Travel Diaries of Bob Schulman

60 YEARS AGO IN MEXICO: TALE OF AN IGUANA
By Bob Schulman
Robert M. Schulman was one of the most prolific travel writers of the last many decades. Born in Brooklyn,Bob passed away at age 84 in Denver, CO in December 2017. His contribution to the travel industry started in 1993, he was one of the principal founders of Frontier Airlines, serving as the airline’s VP of Corporate Communications. Prior to his work for Frontier, Bob was a PR exec for Reno Air and before that for an earlier version of Frontier, Eastern Airlines and Mohawk Airlines. He grew up in Malibu, graduated from California State University at Long Beach and served in the U.S. Army in Korea during the Korean War. His passion for travel and writing about the Caribbean and Mexico led him to rare and popular destinations. His stories appear in dozens of publications including the New York Times, the Huffington Post and Watchboom.com, the precursor to European World Travel. Bob was a member of the Society of American Travel Writers and is survived by his wife and two sons. We bring you Bob’s inimitable travel reviews, writing that has no shelf life, to enrich your own journeys.
Go behind the scenes of the troubled filming of the movie classic, Night of the Iguana. Find out how the flick’s famous director John Huston used a daring threat to get the film back on track. And how a torrid off-screen romance between two super-stars helped turn the film’s location – a tiny Mexican fishing village – into a world-class resort.
A half-century ago a movie called Night of the Iguana was being filmed in the little Mexican village of Puerto Vallarta – and the project was going horribly wrong. It was running weeks behind schedule, mainly due to bickering between members of the cast and their take-me-alongs. Some wouldn’t even speak to each other.
Carlos Munguia, Puerto Vallarta’s official historian before he died several years ago, was a local consultant to the movie’s famous director, John Huston. “Old wounds from past romances were festering (on the set),” Mungia recalled in an interview.
Some examples: Scowling at Richard Burton, one of the stars of the movie, was actress Elizabeth Taylor, his lover who’d shown up to keep an eye on the notoriously philandering Burton. Taylor was said to be furious that Burton had brought his PR man Michael Wilding (one of Taylor’s ex-husbands) along. And Ava Gardner, another of the film’s top stars, was less than happy that co-star Deborah Kerr had shown up with her husband Peter Vietel (who at one time had been “an item” with Gardner).
Still another guy in the cast was said to be a jilted partner of a guy in the camera crew.
According to Munguia, Huston took these and other warring ex-lovers aside and gave them loaded, silver-plated pistols. “Now,” he said, “you can either shoot each other or shoot the film.”
He made his point. The production got back on schedule.
But it wasn’t the movie that drew hundreds of reporters from around the world to this tiny fishing village.
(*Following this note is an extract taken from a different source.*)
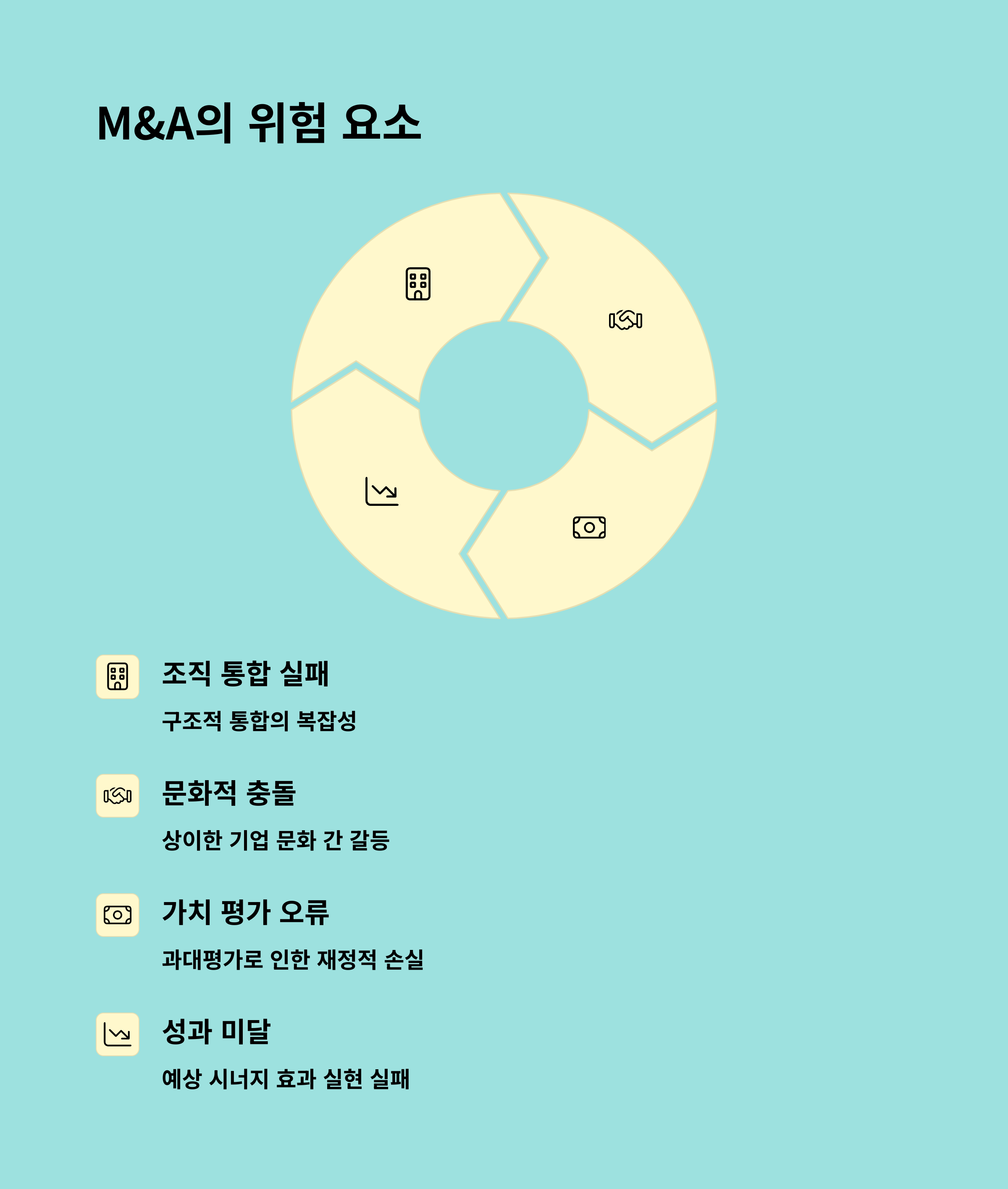 M&A는 기업의 규모 확대와 역량 강화를 위한 핵심 전략 중 하나입니다. 인수를 통해 기술, 인재, 유통망, 브랜드 등을 빠르게 확보할 수 있으며, 내부적으로는 조직 문화의 통합, 경영 구조 재편이 진행됩니다. 그러나 통합 과정에서 충돌이 발생하면 조직 혼란이나 핵심 인력 이탈 등의 부작용이 발생할 수 있으므로, 인수 후 통합(PMI, Post Merger Integration) 전략이 매우 중요하게 작용합니다.

It was the sizzling off-screen romance of Burton and Taylor, both larger-than-life figures – and both married to other people at the time – that made this movie worth so much ink and airtime.
Between snippets of the couple cavorting around town, the media sweetened its coverage with shots of the city’s sundrenched beaches and the old-world charm of its cobbled lanes and colonial architecture. The town got millions of dollars worth of free publicity, and it hasn’t been the same since.
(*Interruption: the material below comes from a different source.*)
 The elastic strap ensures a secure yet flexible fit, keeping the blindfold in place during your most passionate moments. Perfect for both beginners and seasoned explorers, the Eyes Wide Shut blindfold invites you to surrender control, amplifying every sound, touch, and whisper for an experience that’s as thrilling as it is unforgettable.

Fast forward to today, and Puerto Vallarta is one of Mexico’s most popular resorts, hosting millions of visitors a year in a seemingly endless line of high-rise hotels lining the beaches of an immense, crescent-shaped bay. Together with its neighboring marketing partner, the 192-mile-long Riviera Nayarit, the area is now one of the largest resort destinations in the world.
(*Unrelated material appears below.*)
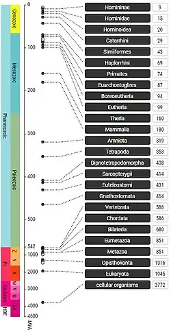 TimeTree é uma base de conhecimento pública com informações sobre a escala temporal evolutiva da vida, gratuito e desenvolvido por S. Blair Hedges e Sudhir Kumar, agora na Temple University, que apresenta tempos de divergência na árvore da vida.[1][2]O conceito básico foi produzir e apresentar um consenso comunitário sobre a árvore cronológica da vida [3][4]a partir de estudos publicados e permitir fácil acesso a essas informações na web ou em dispositivos móveis. [2] O banco de dados permite a busca do tempo médio de nodos entre duas espécies ou táxons superiores, visualizando uma linha do tempo na perspectiva de um táxon, mostrando todas as divergências anteriores até à origem da vida, e construindo uma árvore do tempo de um táxon escolhido ou grupo de táxons pedidos pelo usuário. [5] O TimeTree tem sido usado na educação pública para conceptualizar a evolução da vida, como em ambientes do ensino médio. [6] [7] [8]

What about the movie? Was it a hit? Released in 1964, Night of the Iguana turned out to be a blockbuster, coming in as the 10th highest grossing film that year. It scored nominations for four academy awards, one of which took an Oscar.
What did an iguana lizard have to do with the film? Shortly before the final scene, “T. Lawrence Shannon” (the rum-soaked, defrocked priest played by Burton) frees a six-foot-long iguana being held for the stewpot in a run-down hotel owned by the widowed “Maxine Faulk” (Ava Gardner’s character).
The long-tormented Shannon explains (in a metaphor for himself) to Faulk why he did it: “I just cut loose one of God’s creatures at the end of his rope … so (the lizard) could be free from panic and scamper home safe and free. An act of grace, Maxine.”
Shannon and Faulk free themselves in the last scene when they decide to couple up at the hotel and look out for each other.